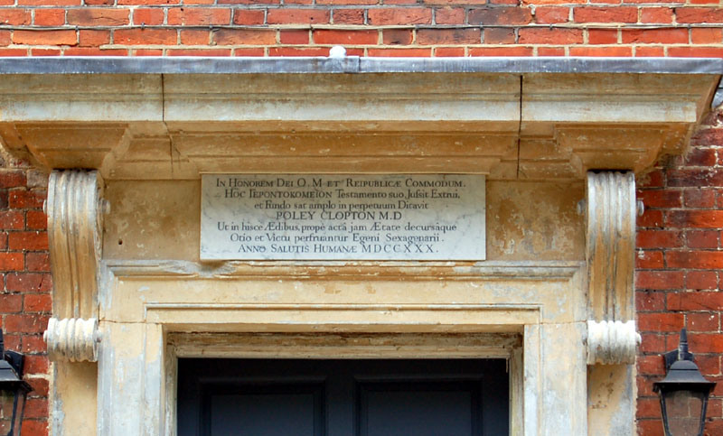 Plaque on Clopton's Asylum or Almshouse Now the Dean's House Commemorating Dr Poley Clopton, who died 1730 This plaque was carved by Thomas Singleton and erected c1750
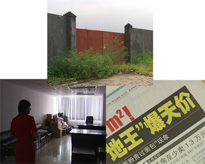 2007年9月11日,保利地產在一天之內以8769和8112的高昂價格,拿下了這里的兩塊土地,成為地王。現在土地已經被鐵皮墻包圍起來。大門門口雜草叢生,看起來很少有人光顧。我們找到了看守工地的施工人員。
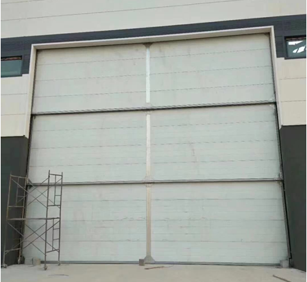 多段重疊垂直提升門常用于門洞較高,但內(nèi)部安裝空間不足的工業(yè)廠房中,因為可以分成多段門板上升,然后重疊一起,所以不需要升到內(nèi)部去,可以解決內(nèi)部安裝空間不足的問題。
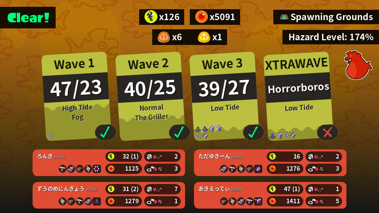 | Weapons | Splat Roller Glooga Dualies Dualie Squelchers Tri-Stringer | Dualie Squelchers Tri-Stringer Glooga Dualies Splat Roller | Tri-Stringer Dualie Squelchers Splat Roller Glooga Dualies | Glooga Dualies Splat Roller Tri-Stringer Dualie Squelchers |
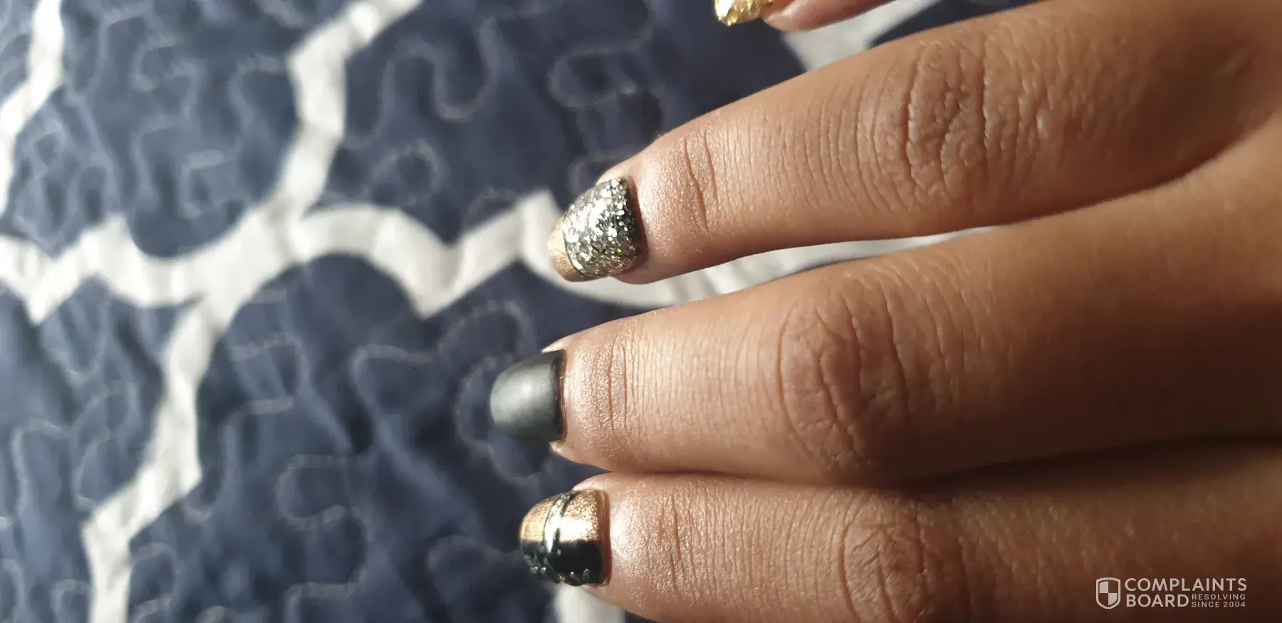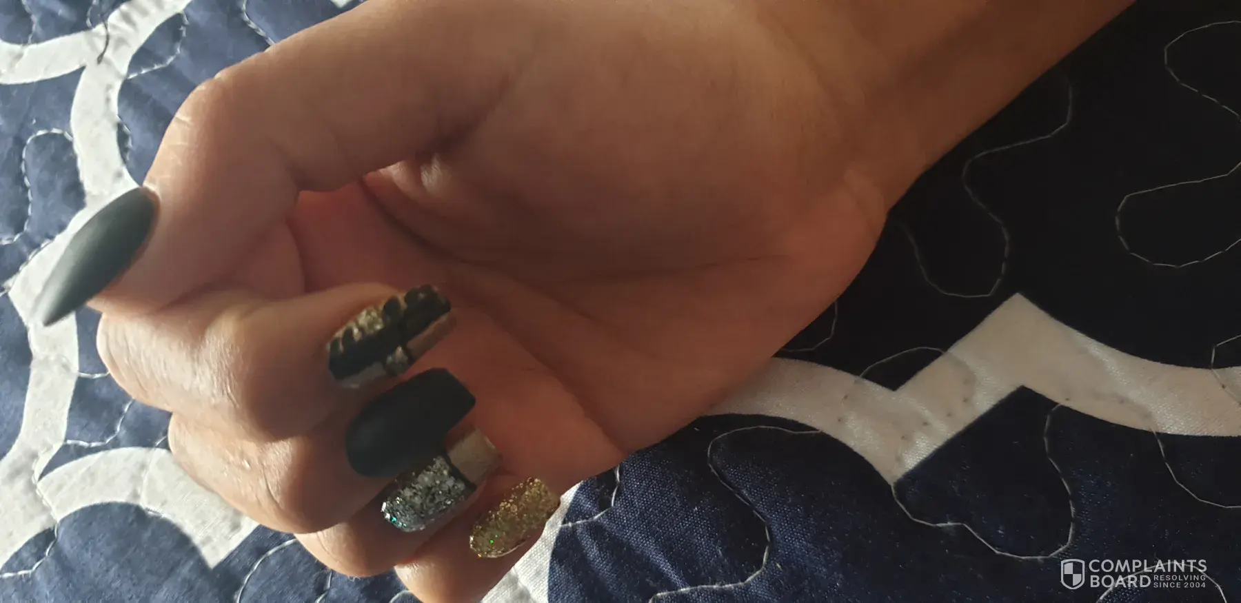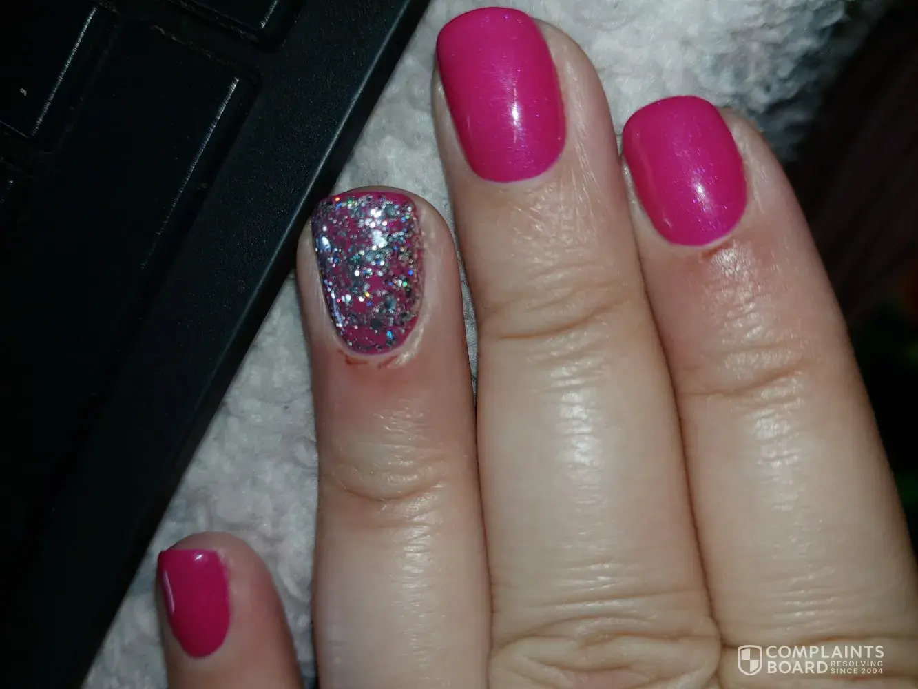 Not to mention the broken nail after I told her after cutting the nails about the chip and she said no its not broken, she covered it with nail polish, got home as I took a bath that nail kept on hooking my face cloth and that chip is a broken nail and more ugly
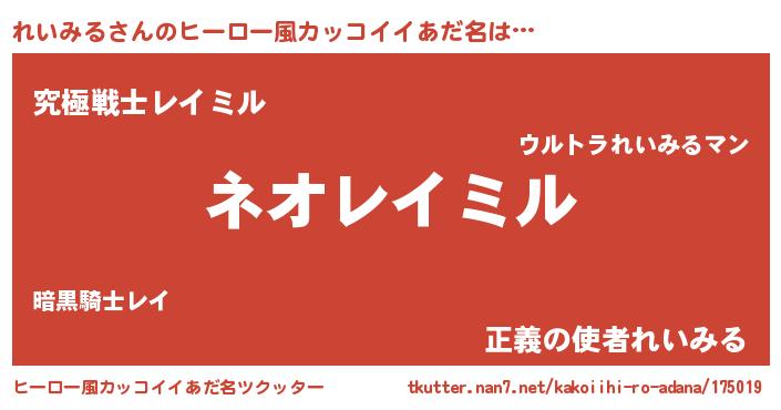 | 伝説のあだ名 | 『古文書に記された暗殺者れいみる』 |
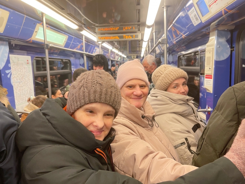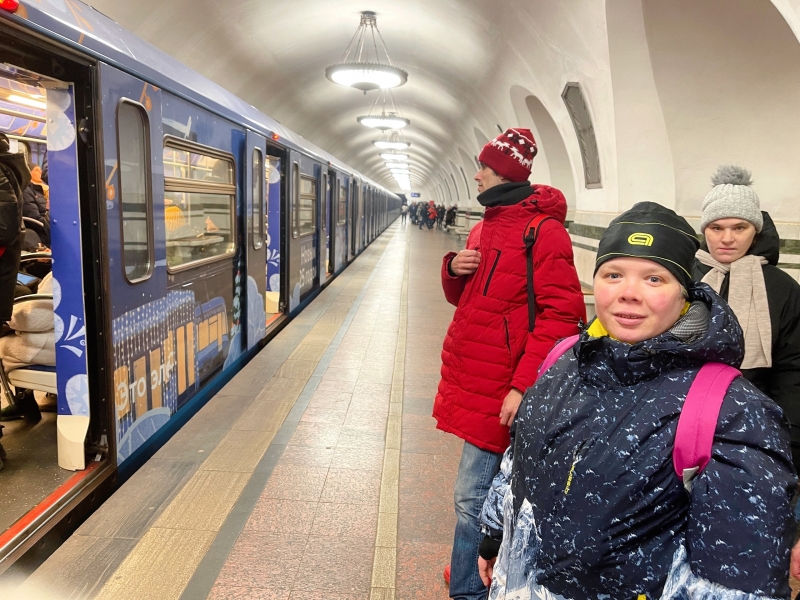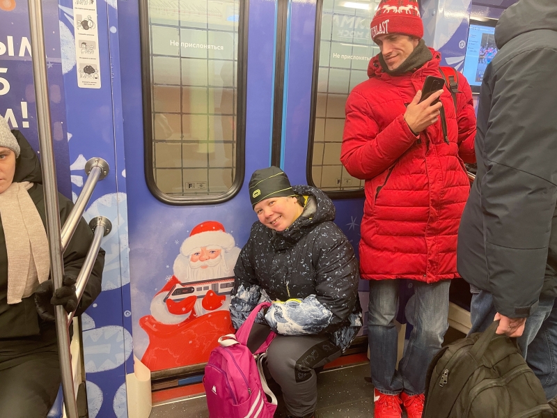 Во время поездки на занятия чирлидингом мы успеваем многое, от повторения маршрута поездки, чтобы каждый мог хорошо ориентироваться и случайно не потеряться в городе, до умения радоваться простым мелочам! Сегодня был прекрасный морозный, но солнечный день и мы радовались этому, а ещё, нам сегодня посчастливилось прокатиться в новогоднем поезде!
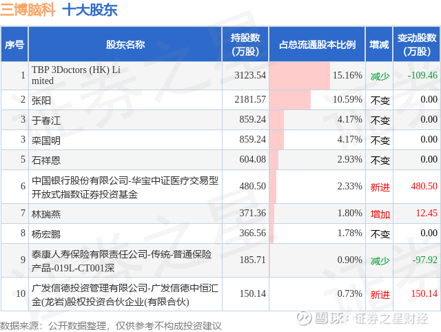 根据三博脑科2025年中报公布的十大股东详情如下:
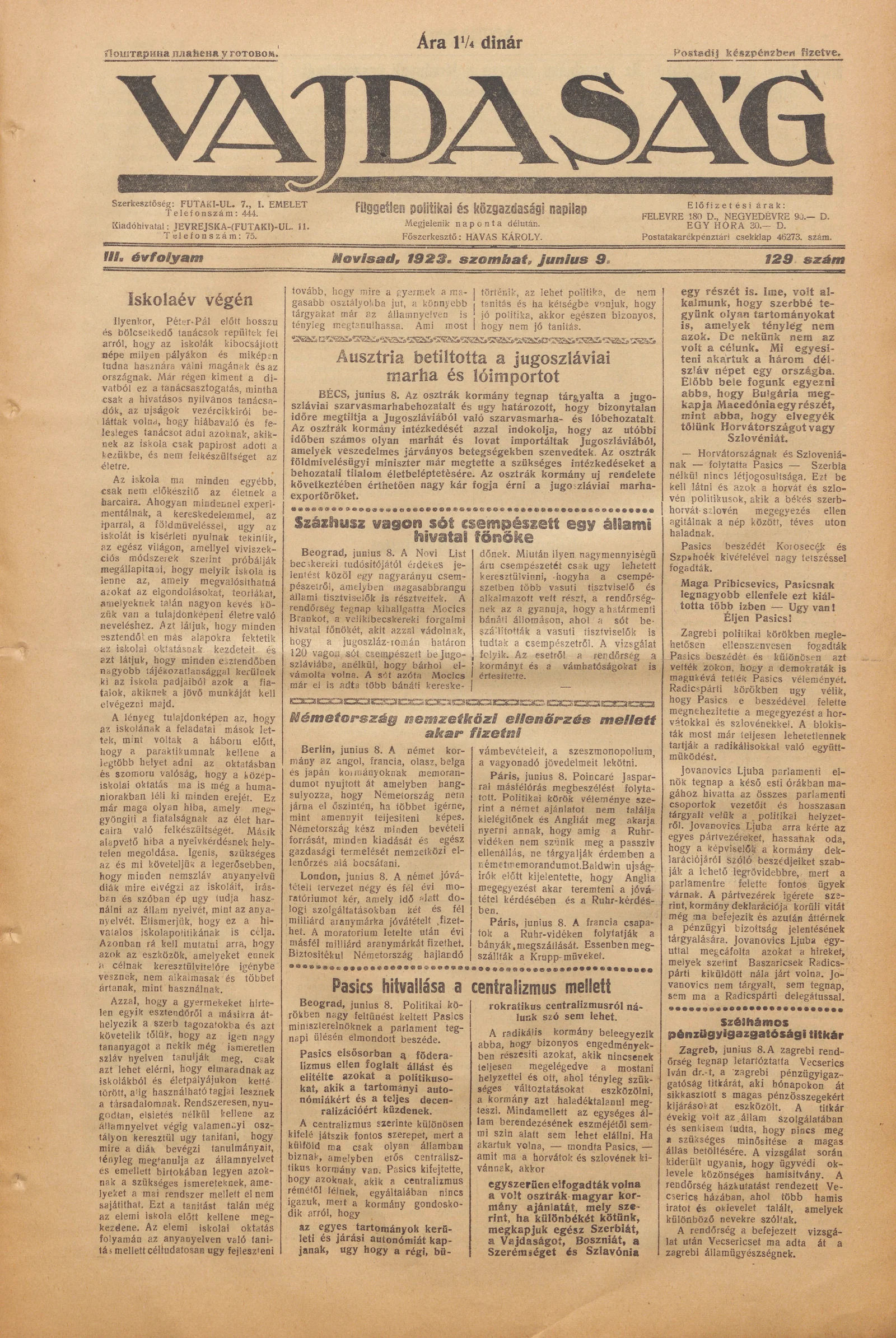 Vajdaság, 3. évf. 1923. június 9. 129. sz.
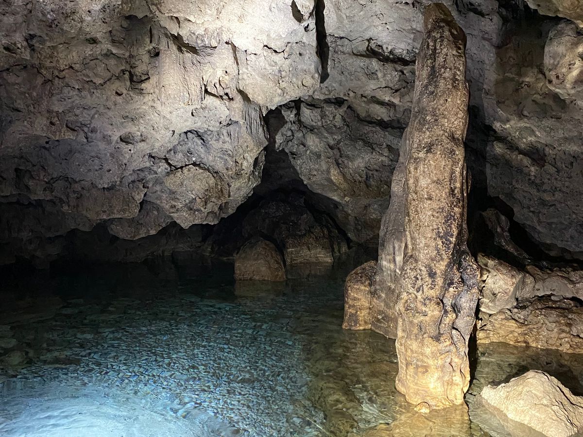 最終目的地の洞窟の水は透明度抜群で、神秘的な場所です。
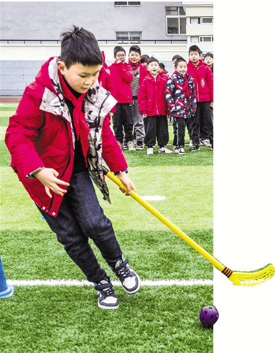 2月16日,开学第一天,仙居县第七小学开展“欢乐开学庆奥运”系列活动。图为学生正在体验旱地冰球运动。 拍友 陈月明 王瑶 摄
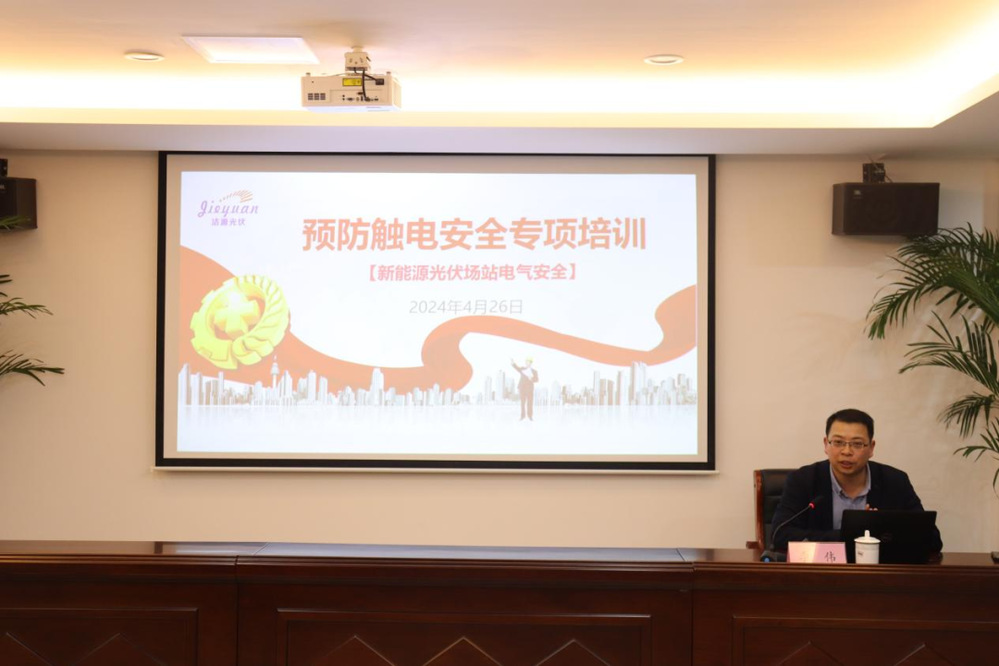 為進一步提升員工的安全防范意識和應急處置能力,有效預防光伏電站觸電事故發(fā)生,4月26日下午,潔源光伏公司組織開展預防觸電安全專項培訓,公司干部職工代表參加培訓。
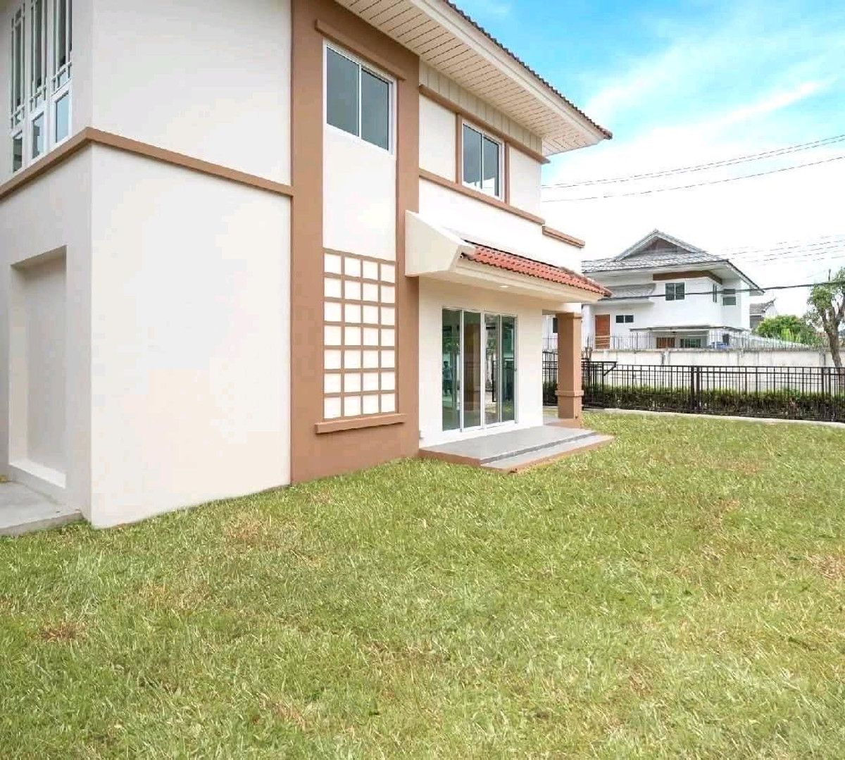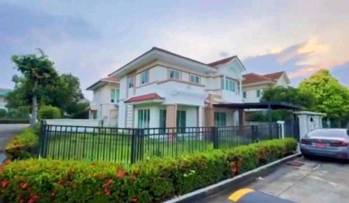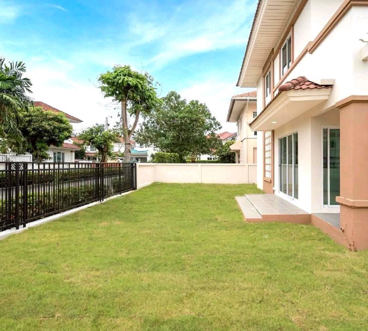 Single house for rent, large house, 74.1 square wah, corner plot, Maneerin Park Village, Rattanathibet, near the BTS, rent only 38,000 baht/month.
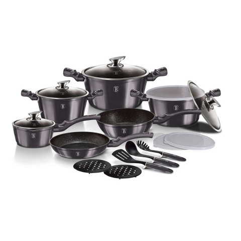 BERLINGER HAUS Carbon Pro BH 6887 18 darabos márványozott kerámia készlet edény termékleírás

* [WHAT IS BEING ASKED]: From the first line of the material down to the line containing "伝説のあだ名 | 『古文書に記された暗殺者れいみる』 |", inclusive, return each line exactly, skipping any picture.

* [EXERCISE OUTPUT]:
 Plaque on Clopton's Asylum or Almshouse Now the Dean's House Commemorating Dr Poley Clopton, who died 1730 This plaque was carved by Thomas Singleton and erected c1750
 2007年9月11日,保利地產在一天之內以8769和8112的高昂價格,拿下了這里的兩塊土地,成為地王。現在土地已經被鐵皮墻包圍起來。大門門口雜草叢生,看起來很少有人光顧。我們找到了看守工地的施工人員。
 多段重疊垂直提升門常用于門洞較高,但內(nèi)部安裝空間不足的工業(yè)廠房中,因為可以分成多段門板上升,然后重疊一起,所以不需要升到內(nèi)部去,可以解決內(nèi)部安裝空間不足的問題。
 | Weapons | Splat Roller Glooga Dualies Dualie Squelchers Tri-Stringer | Dualie Squelchers Tri-Stringer Glooga Dualies Splat Roller | Tri-Stringer Dualie Squelchers Splat Roller Glooga Dualies | Glooga Dualies Splat Roller Tri-Stringer Dualie Squelchers |
 Not to mention the broken nail after I told her after cutting the nails about the chip and she said no its not broken, she covered it with nail polish, got home as I took a bath that nail kept on hooking my face cloth and that chip is a broken nail and more ugly
 | 伝説のあだ名 | 『古文書に記された暗殺者れいみる』 |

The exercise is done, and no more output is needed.